» What you are asked to do: Could you copy out every line of the data where the word "with" occurs?

» Material supplied:
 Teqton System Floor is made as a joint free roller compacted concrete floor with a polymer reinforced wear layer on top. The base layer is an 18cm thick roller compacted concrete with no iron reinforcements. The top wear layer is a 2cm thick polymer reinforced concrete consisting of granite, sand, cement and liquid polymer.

* * *

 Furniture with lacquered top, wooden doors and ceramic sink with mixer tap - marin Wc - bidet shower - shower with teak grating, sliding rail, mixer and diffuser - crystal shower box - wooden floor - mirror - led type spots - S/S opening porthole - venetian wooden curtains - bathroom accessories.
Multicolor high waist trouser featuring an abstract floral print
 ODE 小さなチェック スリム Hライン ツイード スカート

» Exercise output:
 Teqton System Floor is made as a joint free roller compacted concrete floor with a polymer reinforced wear layer on top. The base layer is an 18cm thick roller compacted concrete with no iron reinforcements. The top wear layer is a 2cm thick polymer reinforced concrete consisting of granite, sand, cement and liquid polymer.
 Furniture with lacquered top, wooden doors and ceramic sink with mixer tap - marin Wc - bidet shower - shower with teak grating, sliding rail, mixer and diffuser - crystal shower box - wooden floor - mirror - led type spots - S/S opening porthole - venetian wooden curtains - bathroom accessories.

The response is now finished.